I am one of those sad people who loves music but can't play a note. But I listen to it all the time, and am fascinated by how it exerts its powerful effects on the mind. Out of all the books about it that I have read at this popular level, I would rate this one as easily the best. The fact that it is honest about what is not known, cited by one reviewer as a flaw, is to my mind one of its greatest strengths. Too many popular science books try to give the impression that everything is neatly wrapped up with a pink bow, whereas in fact the whole point of science is to explore what is still unknown. As it happens, music is currently an extremely active field of neurology and psychology, precisely for this reason.
Ball has written a number of popular science books, and I am impressed by how good the ones I've read are. Mostly I know little about his topics, but in the case of music I do happen to know a fair amount of the research, and can vouch for the fact that Ball is spot on in areas where there is a concensus (and I happen to think his revisionist approach to the contentious issue of music as an evolutionary adaptation is correct, too, which biasses me in his favour perhaps). He is as up to date with current experimental findings as it is possible to be given publishing lead times. In fact, I'm deeply envious of this man's renaissance-like ability to move into an area and understand the basics in a year or too - it just doesn't seem fair, even if the rest of us do benefit from it. But I guess that's the advantage of having a physics training - if you can understand physics, you can understand anything. And he is an editor at Nature, so I suppose he must be at the top of his game.
I should add that as well as being reliable and pretty comprehensive on the science, this book is also extremely well written - I can tell that, because it took me so little sweat to read it.
The only book I can think of to rival this which the general reader might tackle is Ani Patel's book on Music and Language. However, this is quite tough for a non-specialist to handle - it is probably more of an overview for research workers, unless you're really feeling strong. Also, anything by John Sloboda is excellent, but again some of it can be technical and a bit heavy going for the non-academic person. David Huron's 'Sweet Anticipation' is superb, though it covers less ground than Ball and it pushes a theory of emotion induction that I personally believe to be good but incomplete. But hey, that's just a personal view. Huron may turn out to be right all along.

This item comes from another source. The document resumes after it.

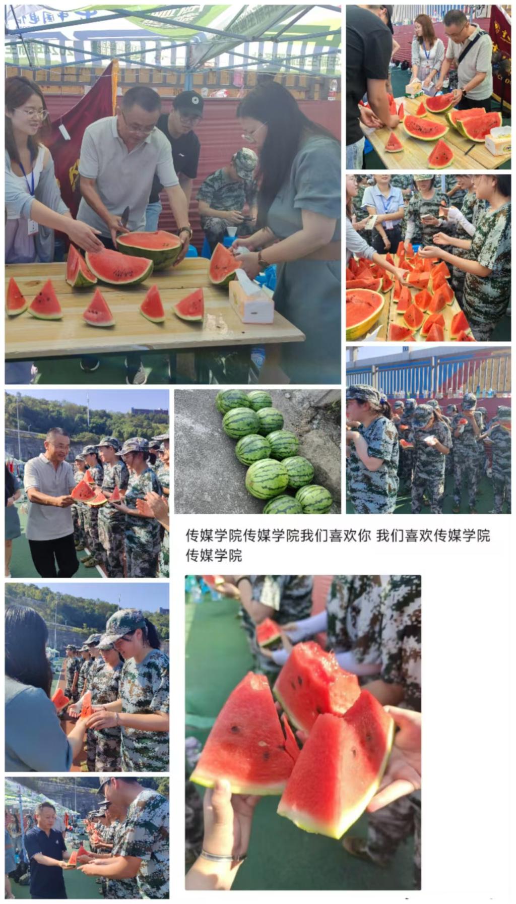 为军训学生送“解暑剂”。当前,学院260名2024届新生的军训正在火热进行,9月14日上午,学院精心挑选的200余斤解暑西瓜送进了军训场地,给学院军训学子们带来一份“清凉”。学院领导深入军训场地,与军训新生们进行亲切的交流,详细询问了他们的训练情况,对大家能够克服困难、坚持训练表示赞赏,为他们送上了诚挚的关怀和问候。慰问现场,学院党总支副书记、院长韩红宇为同学们切好西瓜,党总支书记孙国英、副院长陈振华将西瓜递到同学们手中。当甜甜的西瓜吃到嘴里,学院军训学子们成了训练场最欢乐的一群人,他们表示:“给学院的‘送关怀送清凉’活动点赞!”“这西瓜太甜啦!学院太贴心啦!”。西瓜送清凉,关怀沁人心,学院领导为军训学子们及时送来的“解暑剂”,让刚入大学的他们感受到了传媒大家庭浓浓的爱,让他们能够以更加饱满的精神状态接受军训的考验。
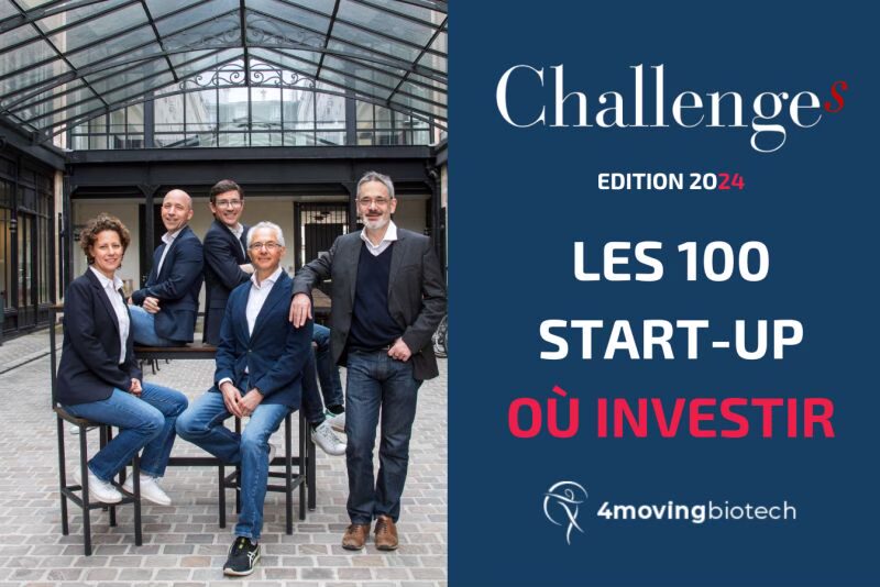 We are delighted to announce that 4Moving Biotech has been selected as one of the top 100 startups to invest in 2024 by the prestigious economic magazine Challenges.

Anyway, the bottom line is that if you have any interest in understanding music at anything below serious academic research worker level, get this book - and avoid the airport bookshelf alternatives by the way, as most of them are pretty unimpressive (I've tried them). There is some real crud out there, but by contrast this book doesn't dumb down, it doesn't try and impress you with how many famous people the author has dined with or how many has-been pop singers he knows, and it doesn't try, and embarrassingly fail, to be humorous. For those reasons alone it should deserve every reader's undying gratitude.